First, plop your diagnostic program down in the middle of the community and stay for a long time so you become a known and trusted resource.
Our center sits in the heart of the Bronx and provides multidisciplinary diagnostic evaluations and services to children with developmental disabilities in the community. We’ve been here for more than 60 years. Each year, we see about 7,000 children, diagnose about 300 with autism and see about 1,600 children with autism for therapy, medication management or developmental follow-up.
Second, reduce the barriers to entry. Eliminate the need for physician referral. Address language and cultural hurdles, and tackle insurance-related barriers.
Meet P., an African-American boy who is 28 months old. (Throughout this piece, I’m using only the first letter of children’s names to protect their privacy.) His mother led him into the clinic by the hand, and he was screaming so loudly I could hear him from down the hall. The registration secretary at the front desk told me that the mother had reported that a lady on the bus told her to bring her little boy here, and that we would know what to do to help him speak. We did.
Our center accepts Medicaid of all varieties, and we do not require a referral from a primary-care provider. That means families can refer themselves, removing a significant barrier to access. Also, we have a full complement of bilingual Spanish-speaking clinical and administrative staff.
Third, cast a wide net and bring your autism expertise to the front door. That means looking at every child who comes in for any reason or concern and being ready to identify autism.
Meet D., a 22-month-old Hispanic toddler who has not yet started to speak. His mother doesn’t see this as a problem because she knows that her son is smart and independent. When he is hungry, he goes to the refrigerator on his own and brings her the gallon of milk. D. is an ‘easy baby’ who can entertain himself for long periods of time. The mother brought D. in because he tends to walk on his tiptoes, and she thinks he may need special shoes. She also wants to get his hearing checked because he doesn’t always respond when she calls his name.
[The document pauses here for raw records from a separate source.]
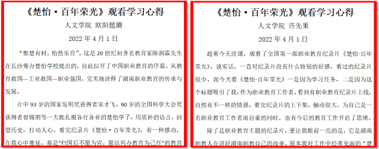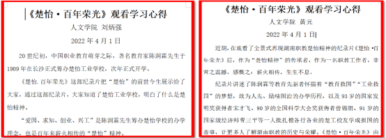 ——人文学院组织学习职业教育纪录片《楚怡·百年荣光》
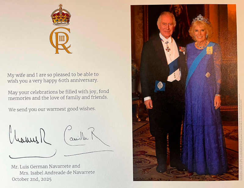 Su Alteza, el Rey de Inglaterra Carlos III y la Reina Consorte del Reino Unido y de los catorce reinos que forman la Mancomunidad de Naciones, Su Majestad Camilla Rosemary Shand, felicitaron a la pareja de esposos colombianos Isabel Andrade Beltrán, Diseñadora de Modas y Germán Navarrete, Periodista, por haber cumplido 60 años de matrimonio, el 2 de Octubre de 2025.
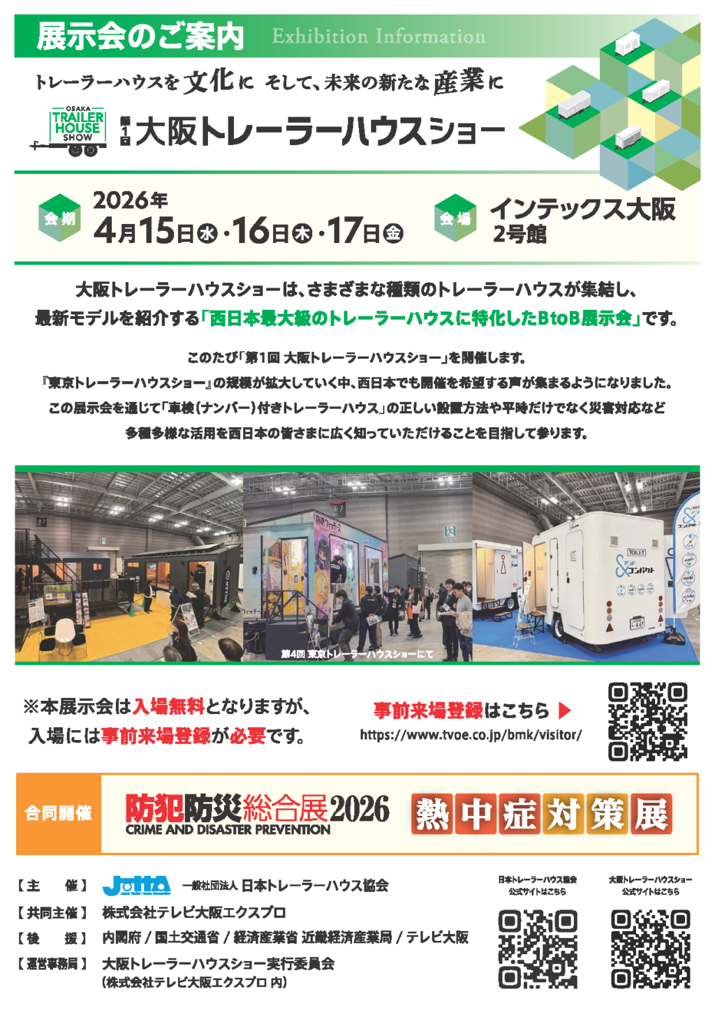 トレーラーハウスショーが大阪で開催されます! 弊社の2×4工法で製作した 「MUGEN WOOD LITE MOBILE HOUSE」を展示いたします。 この機会にぜひ、 実物の木造トレーラーハウスをご覧になってください。 ◆4月15日(水)~17日(金) 10:00~16:30(最終日は16:00まで) ◆インテックス大阪 2号館 ◆入場には事前来場登録が必要です(入場無料) 登録はコチラから➡ https://www.tvoe.co.jp/bmk/visitor/
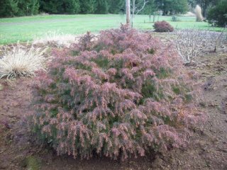 A dwarf, evergreen, mounding shrub. The finely textured blue-green foliage turns russet to bronze in winter. Needs little or no pruning to maintain the tidy form. Protect from wind. It prefers full sun to part shade in a well-drained soil. Water during dry weather.
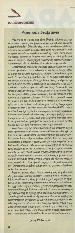 Archiwum nr 2702 (14/1997) 376/500 Podziel się Tytuł Przemoc i bezprawie Autor Jerzy Piekarczyk Artykuł z numeru 2702 (14/1997) Data wydania 6 kwietnia 1997 Tagi inwektywy
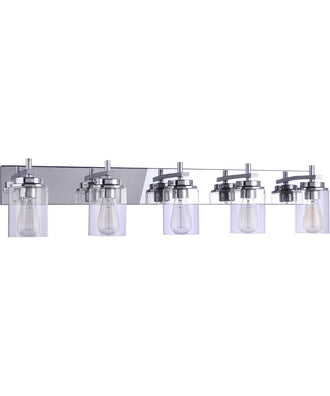 Modern, architectural details combine with clear glass cylinder shades and a smooth wide back plate, to create the Reeves Vanity Collection. Available in two finishes, the Reeves offers your choice of a wall sconce single light up to a 5 light vanity.
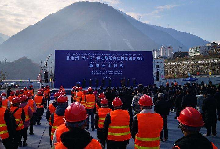 12月23日,四川甘孜藏族自治州“9·5”泸定地震灾后恢复重建项目集中开工仪式在泸定县德威镇下奎武村举行。新华社发(罗楚凯 摄)
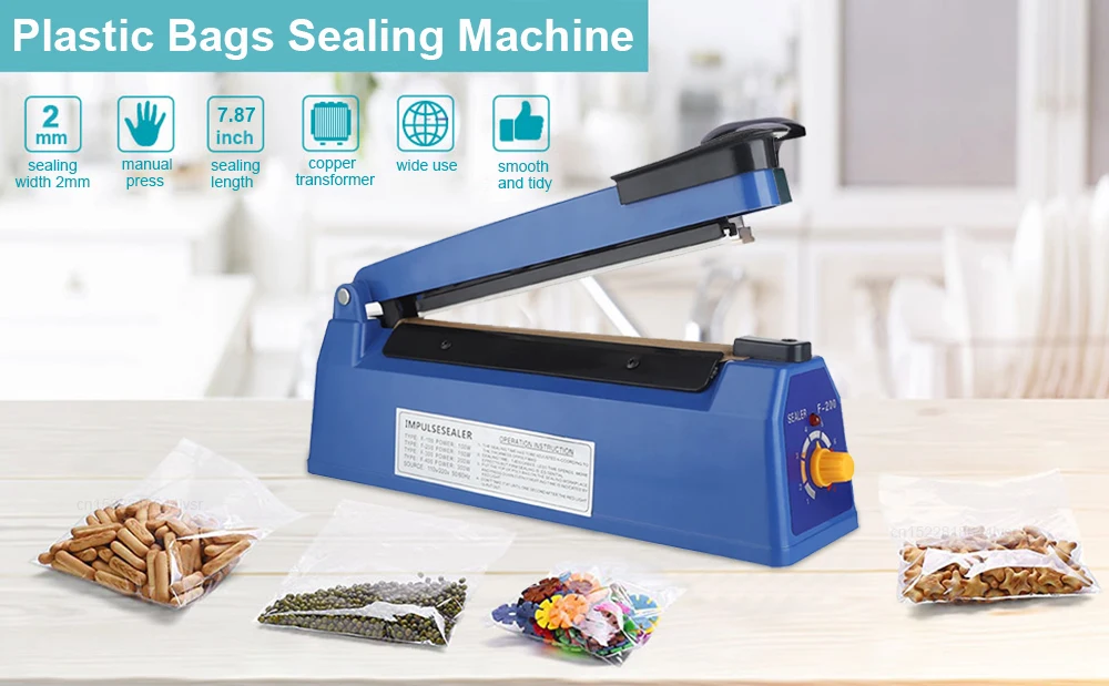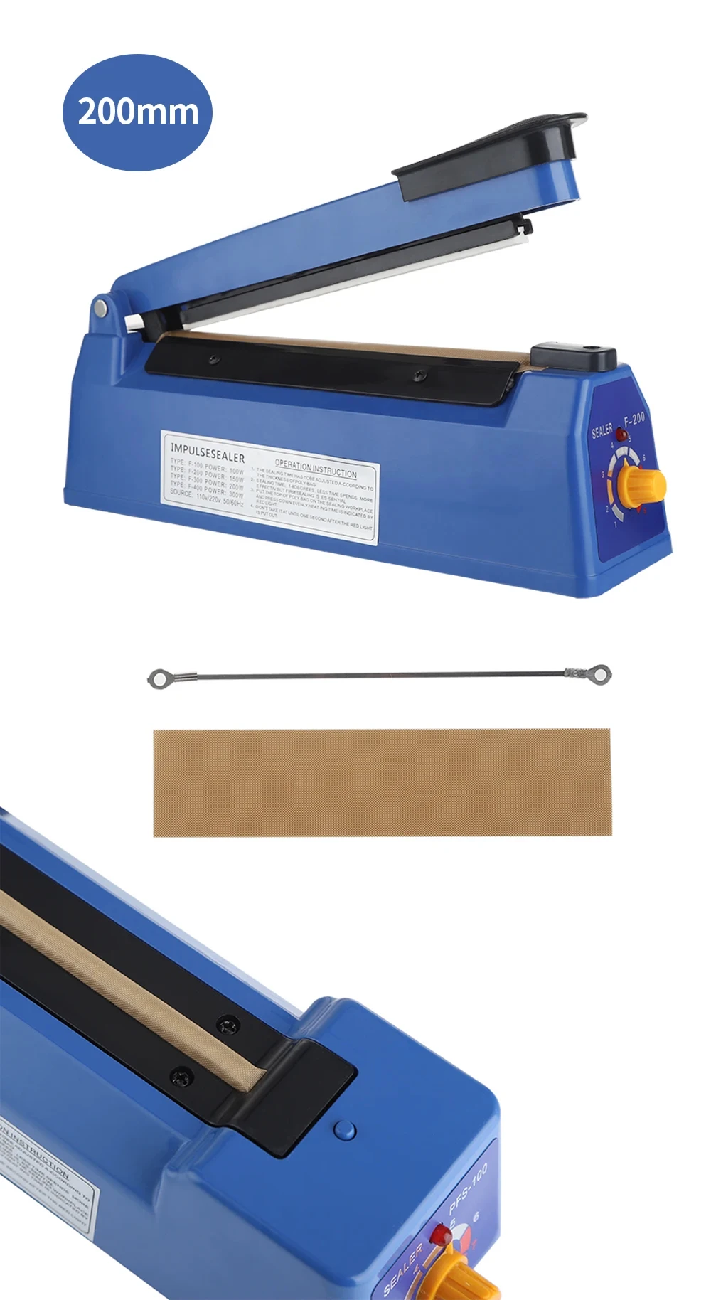 (2)Sealing length is 8 inches (200mm), the sealing width is 2mm,. It designd with metal texture, double-layer coating, good stability and good anti-rust effect. Built-in fuse and heating element can be quickly heated and used safely.It can sealing sweet stuff, drags, medicine and more small goods.
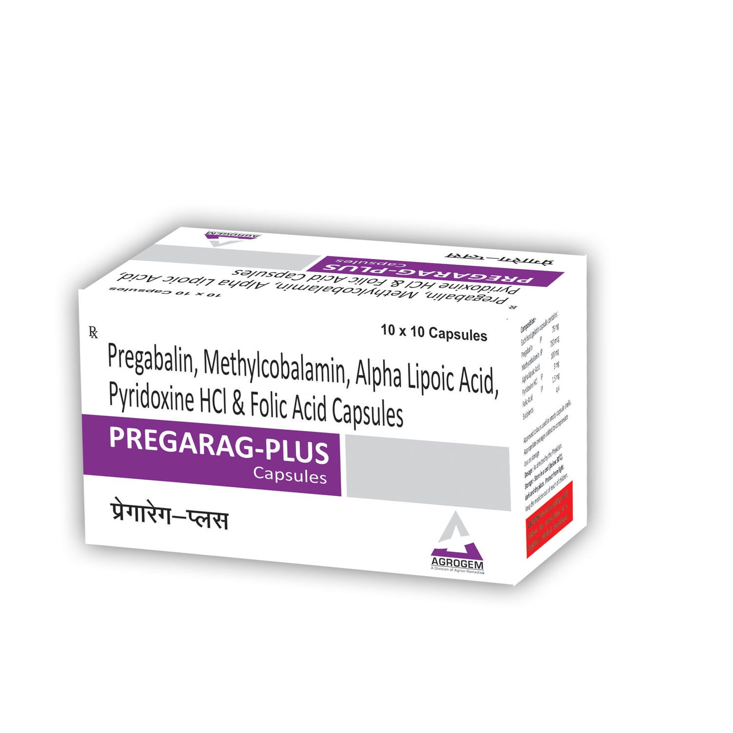 Composition: Pregabalin 75mg , Methylcobalamin 750mcg , Alpha Lipoic Acid 100mg , Pyridoxine 3mg , Folic Acid 1.5mg Capsules | Packing: 10x10 ALU-ALU Capsules | Dosage: As Directed by the Physician.
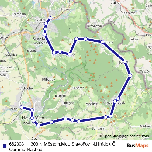 Bus 662308 - 308 N.Město n.Met.-Slavoňov-N.Hrádek-Č.Čermná-Náchod: Full Schedule in Kudowa-Zdroj
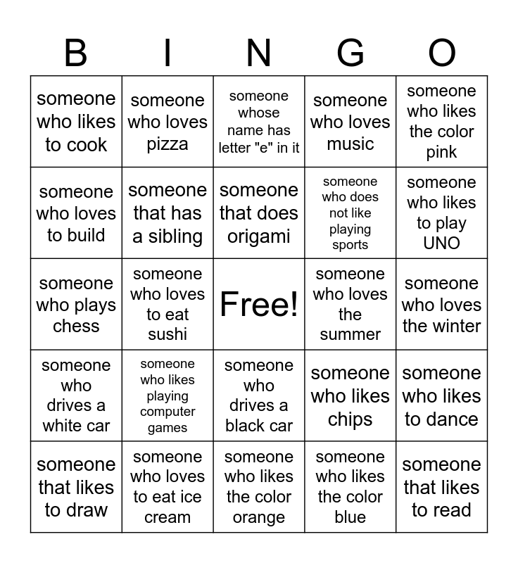This bingo card has a free space and 24 words: someone who likes playing computer games, someone who loves to eat ice cream, someone that does origami, someone that likes to draw, someone who likes the color pink, someone who likes to cook, someone who loves to build, someone who loves pizza, someone who loves the summer, someone who drives a black car, someone who does not like playing sports, someone who plays chess, someone who likes chips, someone who likes to dance, someone that has a sibling, someone who likes the color blue, someone who loves the winter, someone whose name has letter "e" in it, someone who likes to play UNO, someone who loves to eat sushi, someone that likes to read, someone who drives a white car, someone who loves music and someone who likes the color orange.
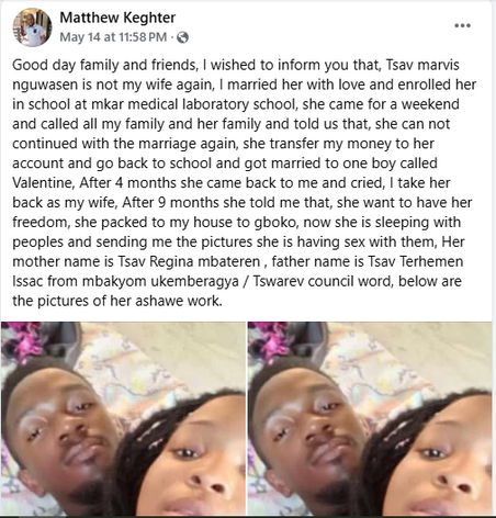 “Good day family and friends, I wished to inform you that, Tsav marvis nguwasen is not my wife again, I married her with love and enrolled her in school at mkar medical laboratory school, she came for a weekend and called all my family and her family and told us that, she can not continued with the marriage again, she transfer my money to her account and go back to school and got married to one boy called Valentine, After 4 months she came back to me and cried, I take her back as my wife, After 9 months she told me that, she want to have her freedom, she packed to my house to gboko, now she is sleeping with peoples and sending me the pictures she is having sex with them, Her mother name is Tsav Regina mbateren , father name is Tsav Terhemen Issac from mbakyom ukemberagya / Tswarev council word, below are the pictures of her asawe work,” he wrote.
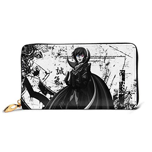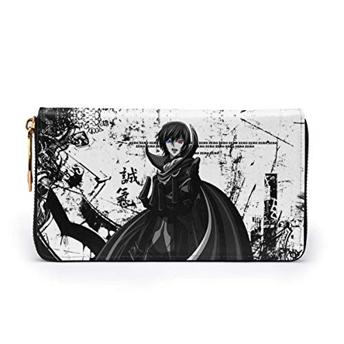 XCNGG Code Geass Cartera con Bloqueo Carteras de Cuero Genuino Cartera con Doble Cremallera Organizador Bolsa de Embrague Titular de la Tarjeta de crédito Monedero de Gran Capacidad Bolsa de teléfono
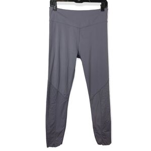 Grey purple leggings. Laser cut details. Ankle length. Size medium.
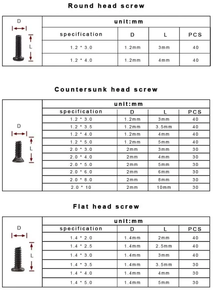 1 set 18 Types Mini screw DIY Kit

Both P. and D. have clear signs of autism. Neither child was referred to our center to be evaluated for autism; neither parent mentioned it as a concern. In fact, it is extremely rare that we see young children who are referred because they failed the Modified Checklist for Autism in Toddlers (a screening tool for autism in toddlers) in their pediatrician’s office. Rather, parents bring their children because of a more general concern (not talking) or a different concern (toe-walking).
At our center, we like to say that we bring our autism expertise to the front door. We’re proud of this capability, because children who might otherwise be overlooked get an early diagnosis.
On the spot:
Fourth, do as much as you can the first day a person comes in. Treat an early autism diagnosis as an emergency.
Don’t make a family wait months for an evaluation with the ADOS when you can see that the child clearly meets the criteria for autism. Instead, use a diagnostic instrument that can be used on the spot, such as the Child Autism Rating Scale; talk with the parent regarding her concerns and yours; and move ahead with a plan the family is comfortable with.
Why? Because you never know when that family will come back. At our center, we have a high no-show rate for appointments. Our families tend to have many other stressors in their lives, so we rush to get a diagnosis that facilitates getting autism-specific early-intervention services in place, either at home or at the center.
When you heed these four principles, you form a partnership and a lifelong relationship with the people you serve. As a bonus, you won’t have any problems getting your community partners to participate in research.
Lisa Shulman is director of autism clinical services and professor of pediatrics at the Rose F. Kennedy Children’s Evaluation and Rehabilitation Center at Montefiore Medical Center in New York; she is also the CDC Act Early Ambassador to New York.